= Robert A. Harrington =

American cardiologist

Robert A. Harrington is an American cardiologist who is the dean of Weill Cornell Medicine and the Provost for Medical Affairs at Cornell University. He was previously a dual professor of health policy and the Arthur L. Bloomfield Professor of Medicine at Stanford University from 2012 to 2024, during period he was the chairman of the Stanford Department of Medicine from 2012 to 2013.

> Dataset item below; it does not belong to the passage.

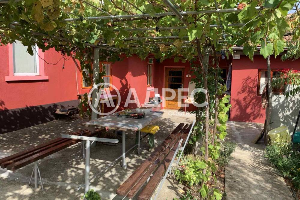 Предлагам къща с двор 2400м2., която се използва и поддържа целогодишно и е в отлично състояние. Разполага с два отделни входа , кухня с трапезария, три просторни спални по 20м2, баня с тоалет, две складови помещения и маза. Към къщата има изградени още три масивни складови помещения и два навеса, масивен двоен гараж
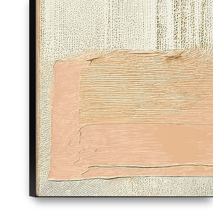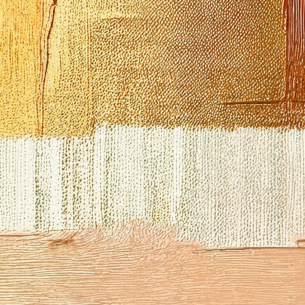 Een modern kunstwerk met een opvallend kleurenschema van goud, zalmroze, warm oranje/terracotta en natureltinten.

== Early life and education ==
Harrington was born and raised in Somerville, Massachusetts, around Winter Hill. The first member of his family to attend college, he graduated from the College of the Holy Cross with a Bachelor of Arts, magna cum laude, in English literature. He then studied medicine at the Geisel School of Medicine of Dartmouth College from 1982 to 1984. In 1986, he earned his Doctor of Medicine (M.D.) from the Tufts University School of Medicine. After graduating from medical school, Harrington was the chief resident in internal medicine at the University of Massachusetts Medical Center at Worcester.

== Career ==
In July 1990, Harrington became a professor at the Duke Clinical Research Institute, where he eventually became the institute's director. He moved in June 2012 to become the Arthur L. Bloomfield Professor of Medicine at Stanford University and remained there until February 2024. In September 2023, he was named the dean of Weill Cornell Medicine.

From 2019 to 2020, Harrington was the 84th president of the American Heart Association.